I write because I have to. I feel I'm missing something important if I don't. Plots, dialogues, conflicts, resolutions, character personalities, endings overrun my mind and won't let me concentrate on anything else until expressed. I see a tree or a structure and think how perfect it would fit in my story. I read or hear a name I like and instantly think it would make a great name for a character.
I've never been into meditation- delving inside myself to find the deeper meaning of me. I know it's important but my mind can't concentrate like that so, I write. Through this blog, I've discovered so much about myself. I know more about what I like, what I don't, why and what I'm good at. I've gotten some insight into how my mind works which was something I'd never been able to do.

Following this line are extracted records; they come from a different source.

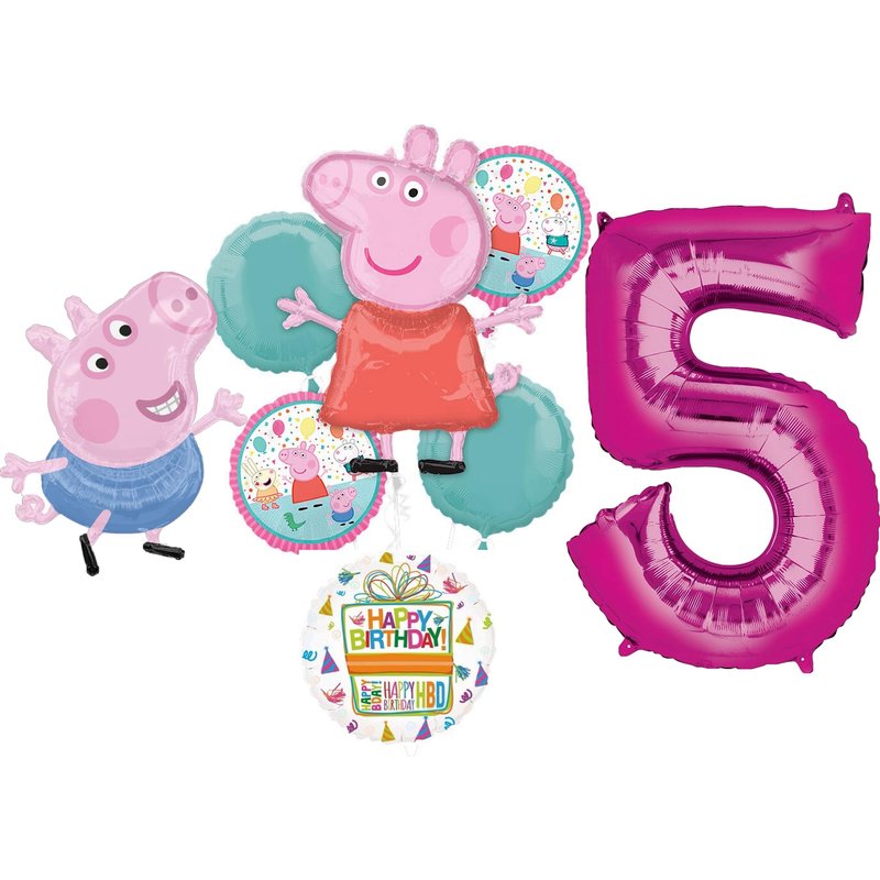 • (1) 32" Peppa Foil Balloon, (1) 24" George Foil Balloon, (2) 17" Round Peppa Foil Balloons, (1) 34" Giant Pink Number 5 Foil Balloon, (1) 18" Mayflower Products Happy Birthday Present Foil Balloon and (2) 18" Round Robins Egg Foil Balloons. Ribbon Not Included. All Anagram Licensed Balloons are Made in USA. Founded in 1977, Anagram International leads the world in innovating and manufacturing foil balloons.
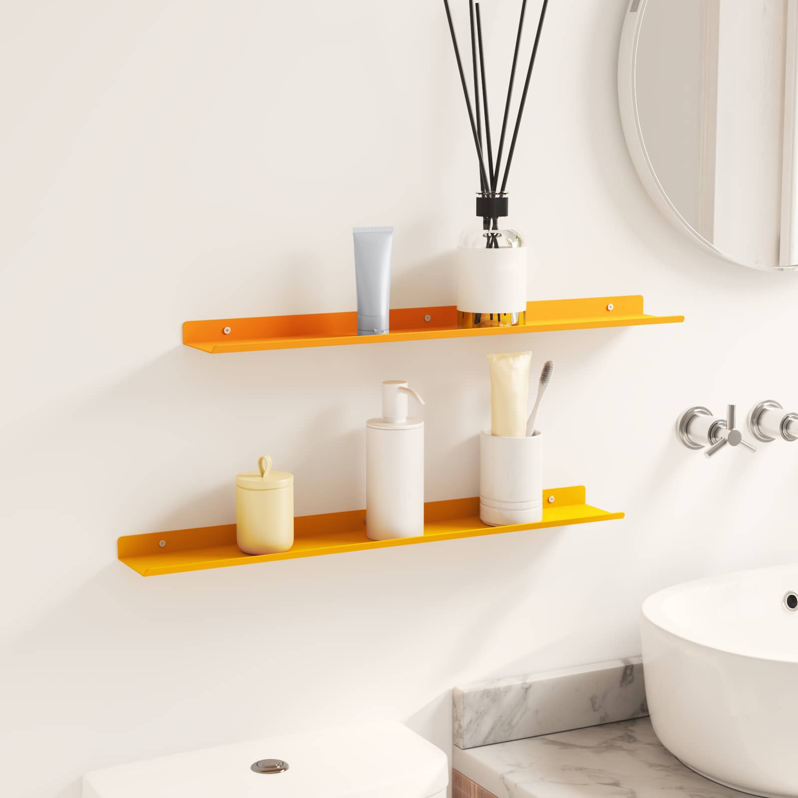 Dieses schlanke Wandregal kombiniert minimalistischen Stil mit modernem Design und ist ein echter Hingucker für jedes Zuhause. Die robuste Stahlkonstruktion und die glatte matte Oberfläche verleihen dem Regal eine elegante Note und gleichzeitig eine vielseitige Aufbewahrungslösung. Ideal für kleine Räume, hilft es den Nutzern, ihre Einrichtung zu verbessern, indem es den perfekten Platz für die Präsentation geliebter Dinge bietet. Ob im Wohnzimmer, Bad oder in der Küche ? dieses praktische Regal peppt jedes Ambiente auf und verleiht ihm eine persönliche Note. Matte Stahlkonstruktion Das Wandregal besteht aus hochwertigem Stahl und bietet eine robuste und langlebige Struktur, die täglichen Belastungen standhält, ohne dabei an Style zu verlieren. Die matte Oberfläche schafft einen modernen Look und sorgt für eine glatte, nicht reflektierende Fläche, die sich super in zeitgenössische Interieurs integriert. Wandmontiertes Design Dieses Regal ist praktisch konzipiert und spart wertvollen Platz auf dem Boden, während es genug Stauraum bietet. Ideal für viele Räume, von Wohnbereichen bis hin zu Küchen, schafft es ein ordentliches und stilvolles Zuhause. Einfache Installation Das mitgelieferte Zubehör macht die Montage mit einfachen Haushaltswerkzeugen kinderleicht. Es wird empfohlen, zu zweit zu arbeiten, um sicherzustellen, dass das Regal fest sitzt, sodass du schnell und effizient dein gewünschtes Layout gestalten kannst. Vielseitige Nutzung Dieses Regal mit erhöhten Kanten ist perfekt für verschiedene Szenarien und eignet sich zur Ablage von Büchern, Vasen oder Toilettenartikeln. Regelmäßiges Abstauben mit einem feuchten Tuch hält das Regal frisch und sauber, ohne aggressive Reiniger zu benutzen, was es zu einem unauffälligen, aber effektiven Accessoire für dein Zuhause macht. Mühelose Pflege Die Pflege des eleganten Wandregals ist super einfach: Wische einfach ab, um Staub zu entfernen, und vermeide aggressive chemische Reinigungsmittel, um die Oberfläche zu schonen. Diese einfache Pflege-Routine sorgt für langfristige Freude und frisches Aussehen.
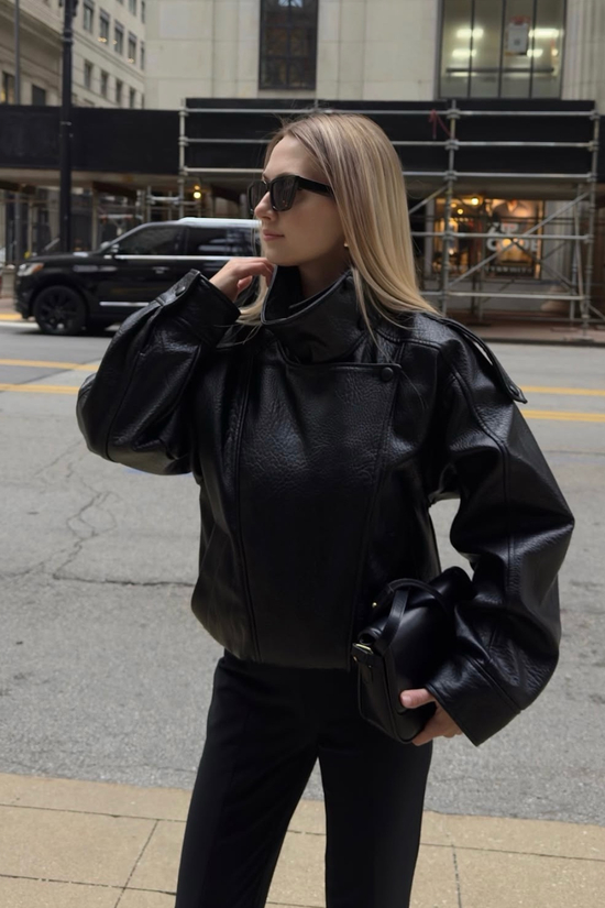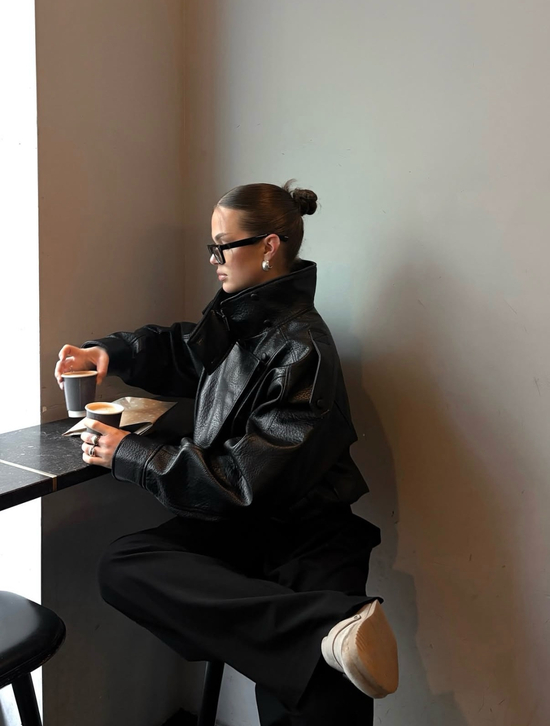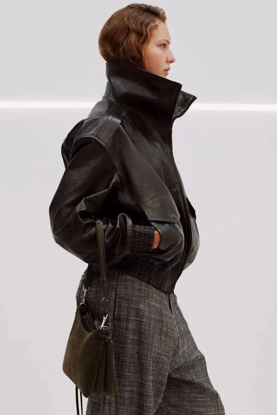 皮衣是立领款式里使用频率最高的单品之一,自带“锋利感”。不同品牌的材质与长度,能轻松切换街头、甜酷、轻熟风,秋冬穿它超吸睛。
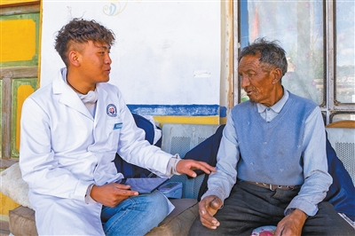 隨后,他用平板電腦詳細記錄檢測的各項情況,形成了一份電子健康檔案。“村醫的醫療能力有限,我們更多是跟蹤檢查,建立患者的健康檔案,摸清健康底數,讓上級醫療機構完整了解信息。”索朗丹增介紹。
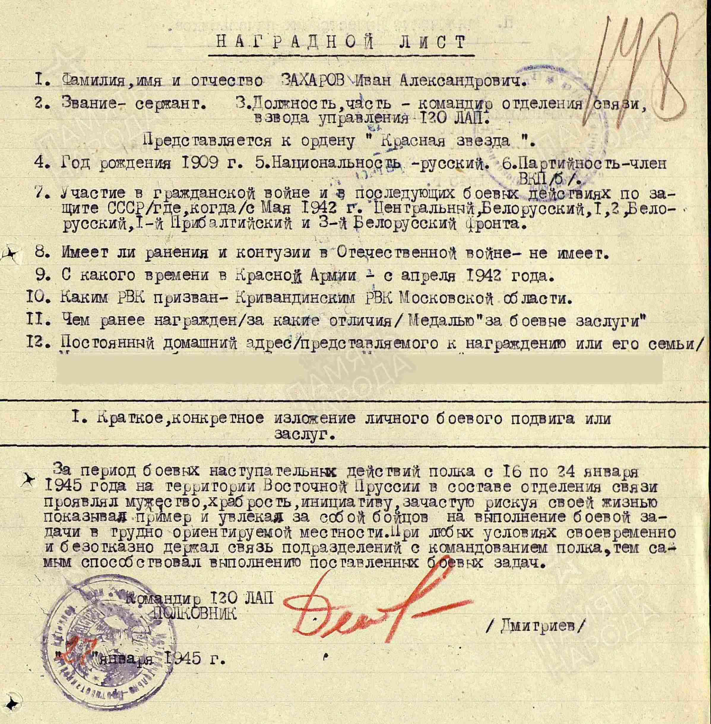 ЗАХАРОВ Иван Александрович, 1909, с. Мокрые Курнали. Мобилизован Кривандинским РВК Московской обл. 22 мая 1942. С апр. 1943 воевал на Центральном, Белорусском, 1 и 2 Белорусском, 1 Прибалтийском, 3 Белорусском фронте в составе 65 А/ 2 гв. А/ 50 А/ 3 А/ 49 А. Член ВКП(б). Участник битвы на Курской дуге, освобождения Белоруссии, Прибалтики, боёв в Вост. Пруссии. Сержант, ком. отделения связи взвода управления 120 ИПТАП РГК/ ЛАП 1 ТК. Демобилизован 28 нояб. 1945. Награждён медалями «За боевые Заслуги», «За взятие Кенигсберга», орденом Красной Звезды.
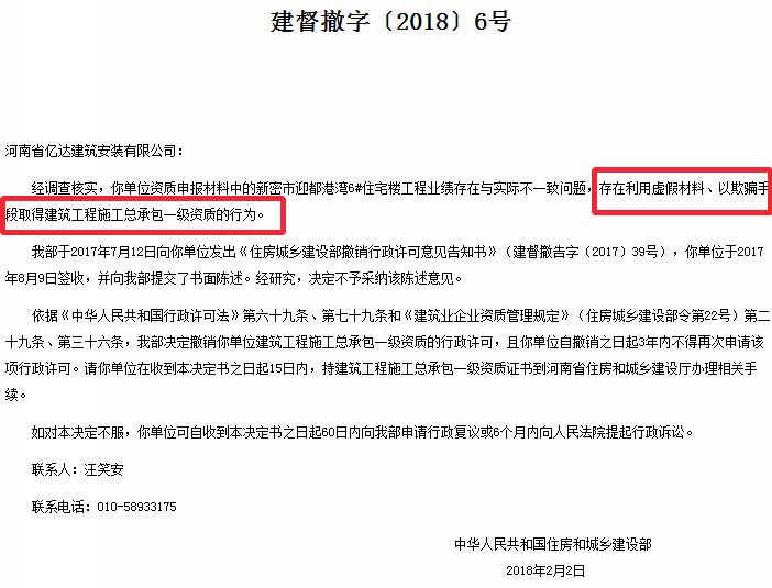 依据《中华人民共和国行政许可法》第六十九条、第七十九条和《建筑业企业资质管理规定》(住房城乡建设部令第22号)第二十九条、第三十六条,我部决定撤销你单位建筑工程施工总承包一级资质的行政许可,且你单位自撤销之日起3年内不得再次申请该项行政许可。请你单位在收到本决定书之日起15日内,持建筑工程施工总承包一级资质证书到河南省住房和城乡建设厅办理相关手续。
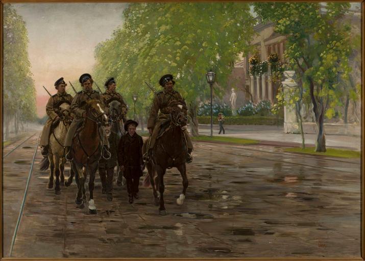 | Keywords: Stanisław Masłowski, Świt 1906 (Wiosna 1905).jpg  Artwork Creator Stanisław Masłowski 1906 http //cyfrowe mnw art pl/dmuseion/docmetadata id 5024 oil canvas Size cm 121 170 5 Institution National Museum in Warsaw ZBIORY SZTUKI POLSKIEJ DO 1914 r Not on view accession number MP 2152 place of discovery object history ProvenanceEvent purchase National Museum in Warsaw Bohdan Wydżga exhibition history ST MASŁOWSKI / WARSZAWA / 1906 signature/location/date bottom right credit line See below http //cyfrowe mnw art pl/dmuseion/docmetadata id 5024 MNW Cyfrowe <gallery> File Stanisław Masłowski Świt 1906 Wiosna 1905 jpg File Stanisław Masłowski Świt 1906 Wiosna 1905 jpg </gallery> PD-old-auto National Museum in Warsaw partnership Stanisław Masłowski Warsaw Uprising 1905 1905 in Poland 1905 in Russia Russian Revolution of 1905 Revolution in the Kingdom of Poland 1905 1907 Aleje Ujazdowskie Cossacks in art Prisoners in art Paintings of men on horseback Paintings by Stanisław Masłowski in the National Museum in Warsaw Poland in history paintings |
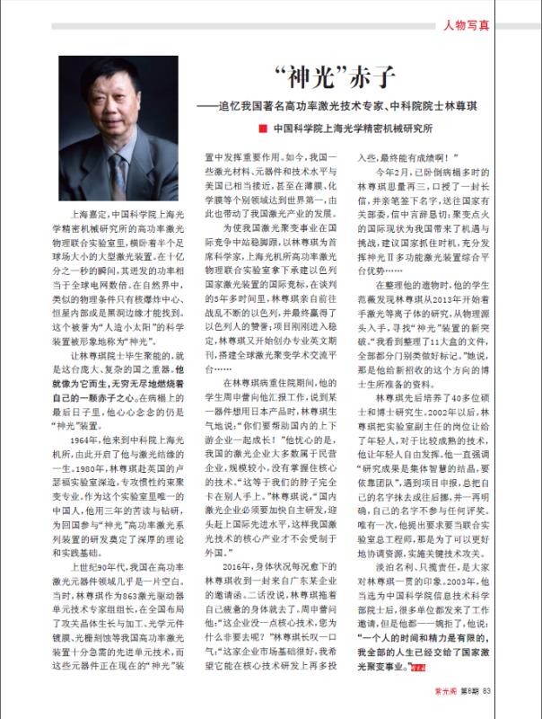 追忆我国著名高功率激光技术专家、中科院院士林尊琪
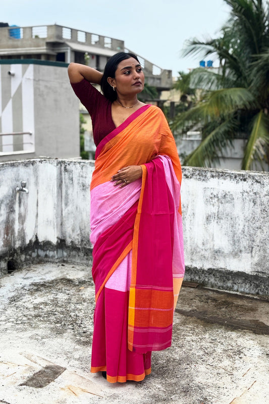 Sold outTricolor Dhaniakhali Cotton Saree
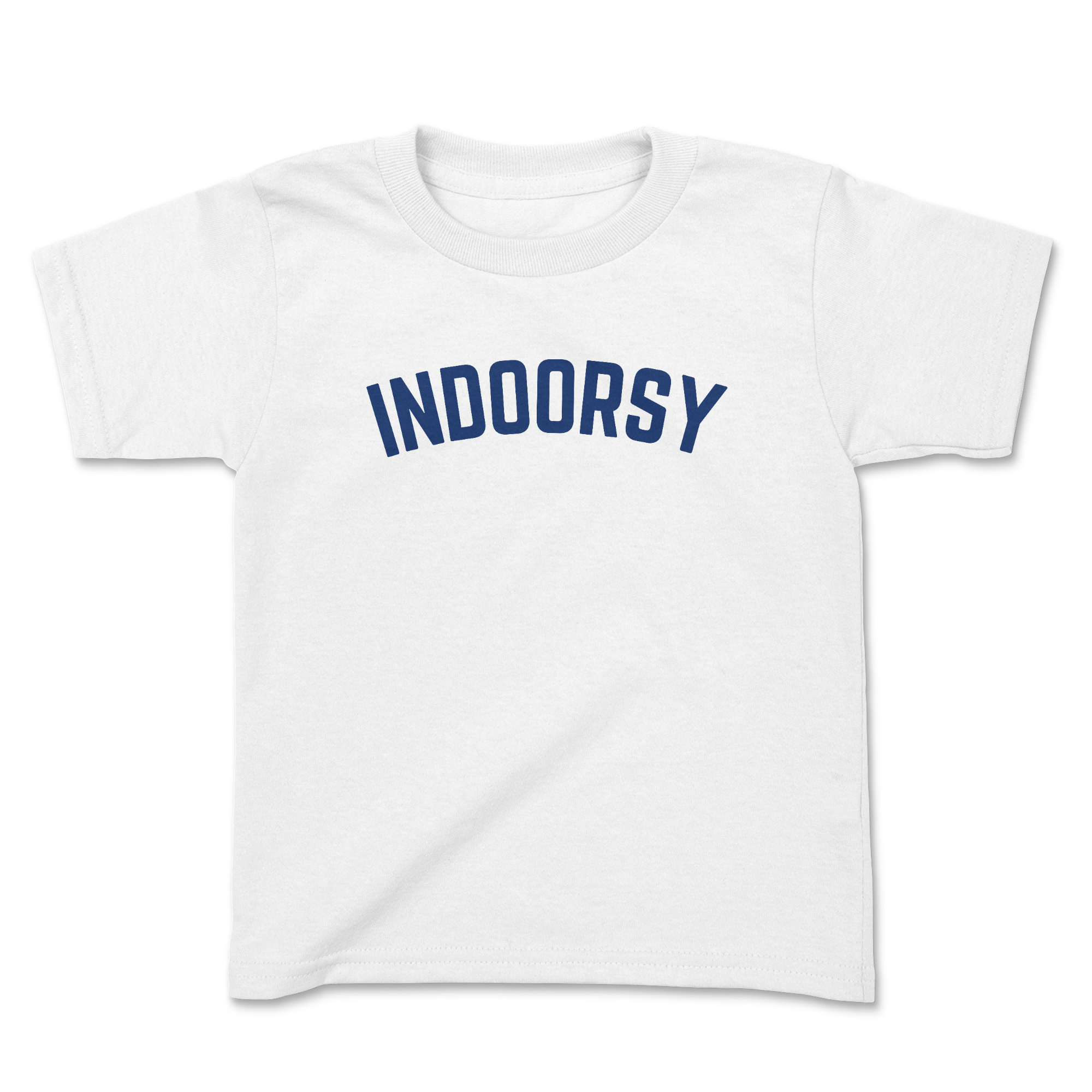 Soft, simple, and quietly playful — this toddler tee wears like a little hug. Lightweight combed cotton keeps busy days breathable, while ribbed collar and shoulder tape hold up to repeated wear and washing. The small, arched wordmark adds a touch of grown-up humor on a kid-sized shirt, making it easy to layer under a cardigan or scoop a sweater over for cooler mornings. It lives in everyday routines: storytime on the couch, puddle-stomping with rainboots, or sleepy snuggles before bed. The clean white background lets the navy lettering pop without overwhelming, so it fits right into a pared-down, functional wardrobe that parents reach for again and again.

I write because emotions are complicated. You can see my heart through my stories. I'm not writing what's on my mind or even what's bothering me. I descend into my stories. Problems come with me but they're transformed. They become a source of power not pain. When I reluctantly climb out, the problems seem less important. While I'm writing about a character, pieces of me pour through my fingers and weaves itself into the page. Writing is a release of negative thoughts- doubts- fears and an expression of desires- dreams- wishes I'd never admit to or even knew I had.
I've heard said a story is not only a look into the lives of the character but also the mind of the author. I can attest to that.
Have you ever read a story and reached the end completely and utterly blown away by how spectacular it was, how beautiful it was even if it wasn't all rainbows and unicorns? Or read a character that embodies you so thoroughly you feel better because they exist, even though you know they aren't real? Or a story where a world so magnificently constructed sucks you in, grabs hold of whatever is bothering you and pulls it into itself so you feel lighter when you finish? I dream of evoking those types of emotions in my readers.
I write because words break through the shell and bring to the surface a person even I didn't know existed but would like to be.